Across her delicate ribs, just below the round undersides of her breasts and above her pale stomach, was a vibrant floral pattern, painted in colors drawn from crushed flower-petals. Like her garment, it was meant to increase her beauty before the eyes of the gods, and she'd wondered as she applied the dyes if it would matter at all to the Dark Horror.
The rustling sounded behind her again, and again she whirled around, and again she was met with darkness. Without thinking, she took a step forward--to what purpose she could not say--and she screamed when her delicate footfall found nothing but empty space. She realized, too late, that she had stepped over the edge of some invisible precipice. She screamed a second time as the ground went out from under her and she was falling, falling from nothing and into nothing, but falling without a doubt. Tepid winds rushed up as she plunged downwards, raking her flailing limbs, whipping her flaxen hair about her head, and undoing what little modesty her garments had afforded her.
As the wind crashed about her and she toppled head over heels through the void, she gradually became aware of a deep, throaty sound that was just barely audible beneath the gusts.
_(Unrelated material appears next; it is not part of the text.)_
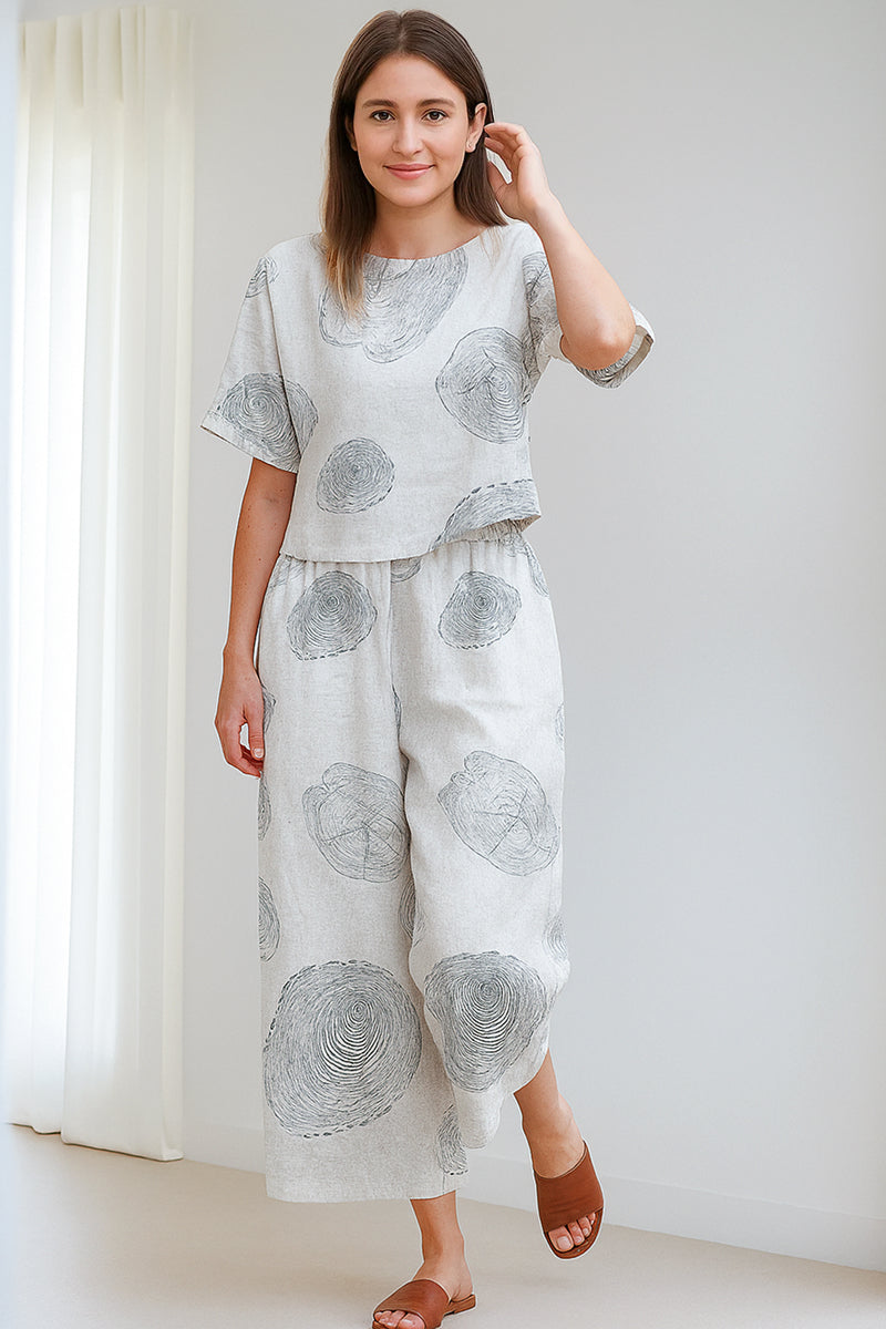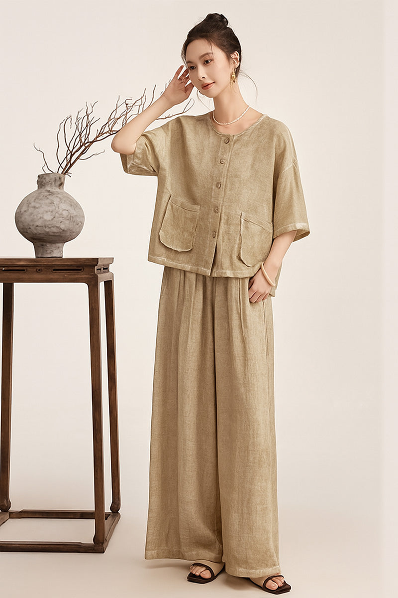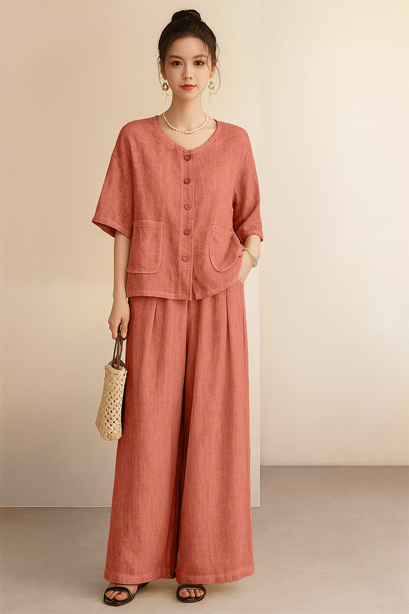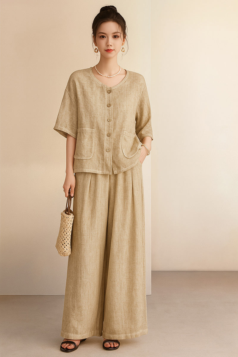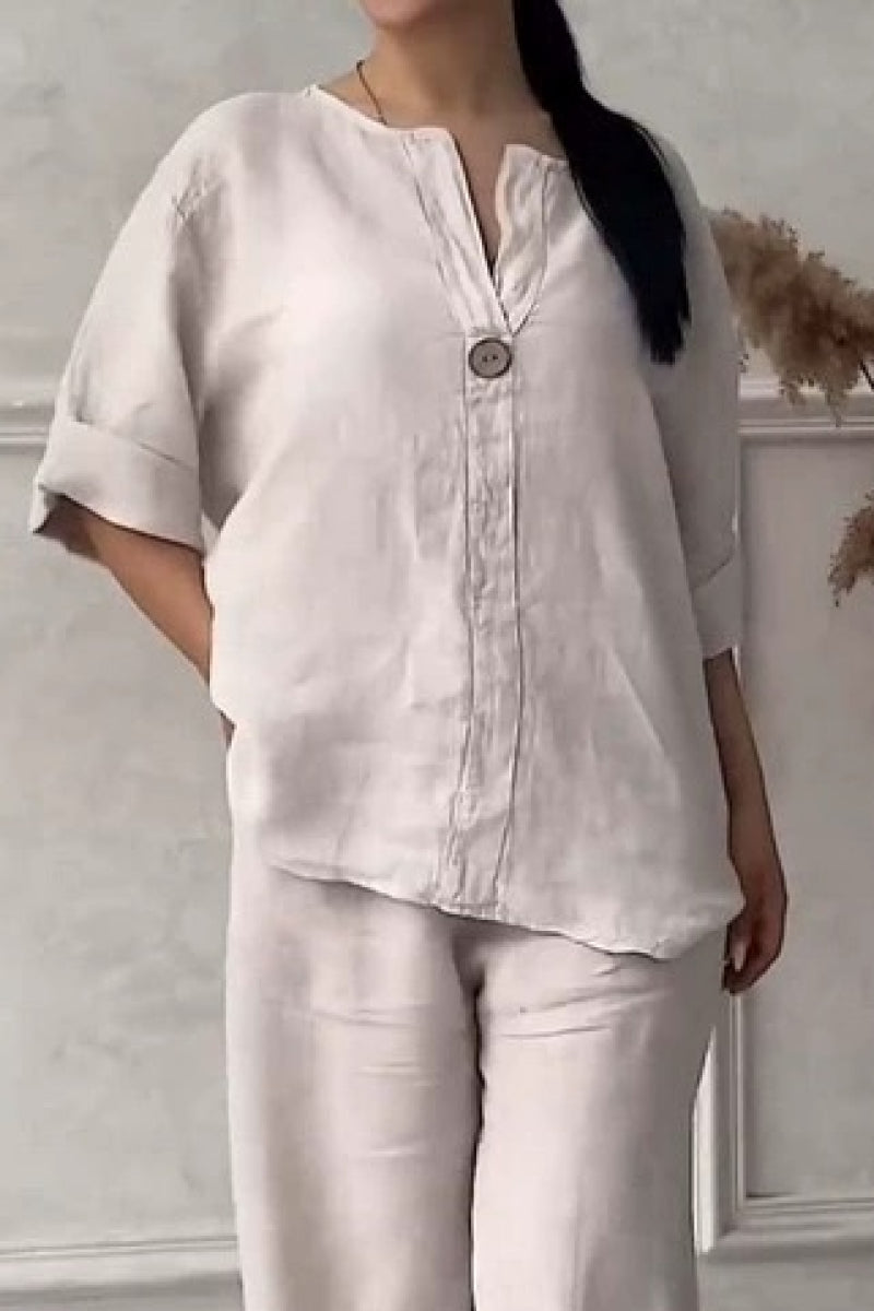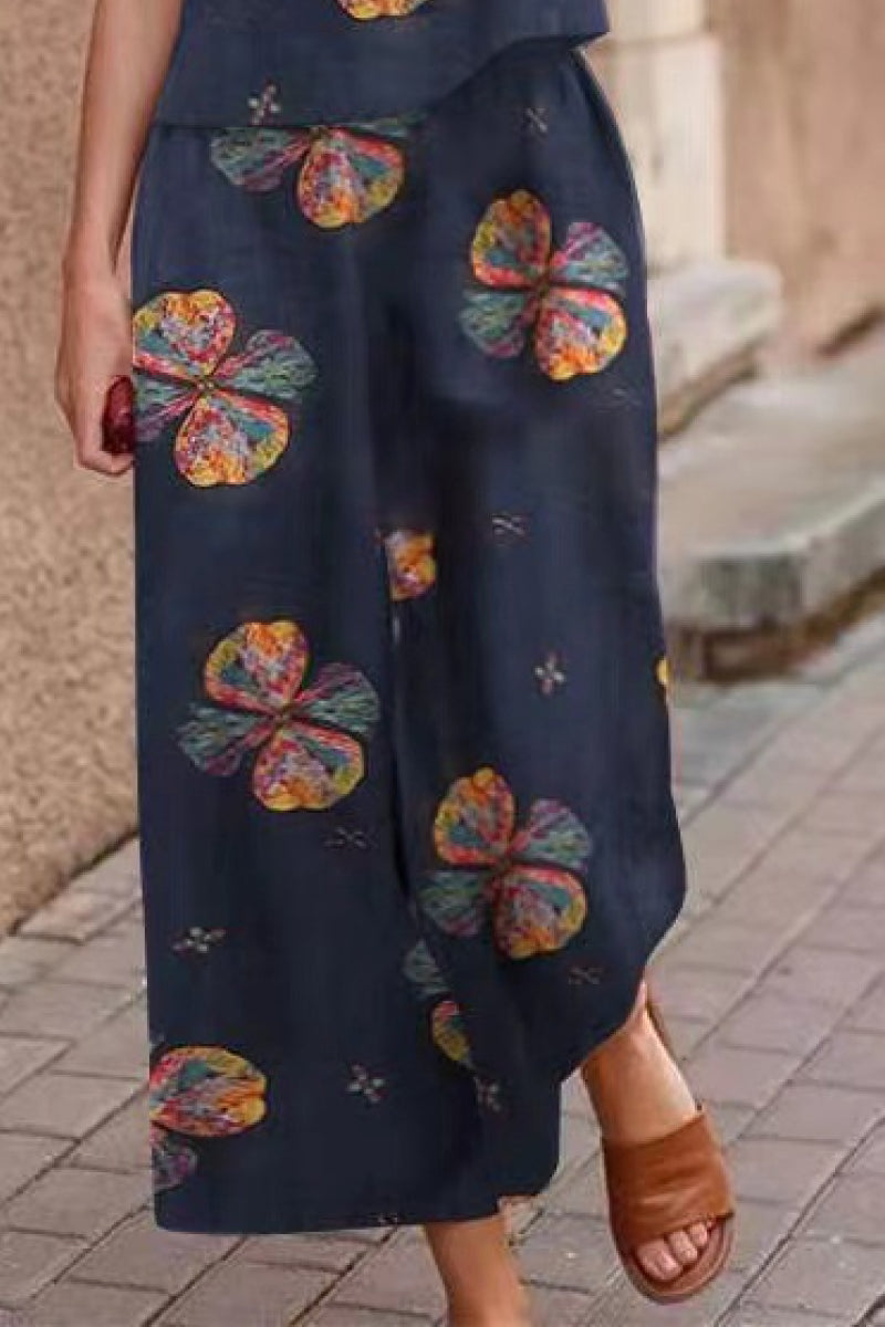 Linen and Cotton Loose Floral Short Sleeves Two-Piece Set
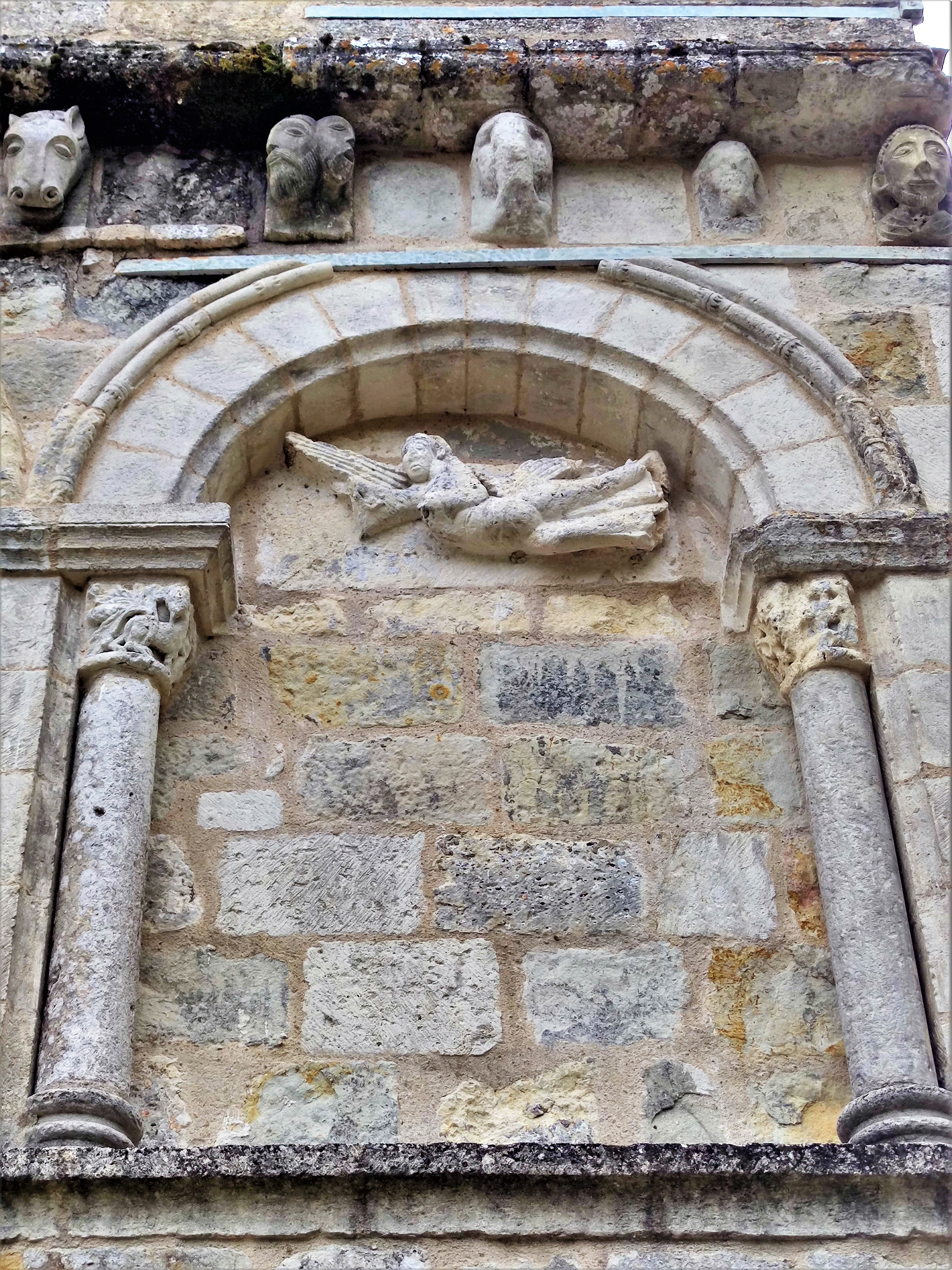 Une prieurale devenue église paroissiale, témoin de l'histoire du village, elle est ouverte et accueillante. Au 12ème, la création d'un prieuré et de son église sera à l'origine du développement de Saint-Michel-de-Rivière. Une fontaine miraculeuse, située à quelques dizaines de mètres, au Nord de l'église, témoigne de l'ancienneté de ce lieu de dévotion, qui fut lieu de culte païen avant que vienne la christianisation de la région. La façade de l'église est protégée par les Monuments Historiques depuis 1925. C'est la partie sauvegardée de l'édifice primitif. Elle conserve des arcatures, des décors sculptés et des modillons en bel état. La partie haute, clocher mur à une arcade et une cloche a été ajoutée au 17ème. Cette église a connu de douloureux moments, particulièrement pendant les guerres de religions. La nef et le chœur ont été reconstruits au 15ème, la voûte de cette époque n'a gardé que des traces des colonnes de soutien. Durant le 16ème et le 17ème quelques modifications ont été apportées. A l'intérieur, les murs en pierres apparentes, les vitraux historiés, la tribune et son échelle offrent un certain charme, la cuve baptismale est remarquable. Le faux plafond en plâtre, fausse voûte en anse de panier, renforce un peu l'éclairage de la nef et de ses seules ouvertures au Sud.

It was a low, contemptuous laugh that mixed with the windblast and rippled over her limbs and loins like so many phantom hands. She was in a panic, heart pounding and screams piercing the silence, but when she heard and felt that sound, something else began to creep in besides her frantic, immediate fear. It was a dreadful certainty. Certainty of what, she could not say, but that low chuckle rose up to meet her and filled her with a colossal sense of the inevitable--of utter powerlessness before something nameless and all-knowing. And just as she thought she might go mad before the enormity of some unspeakable realization that roiled just below the surface of her awareness, her fall stopped.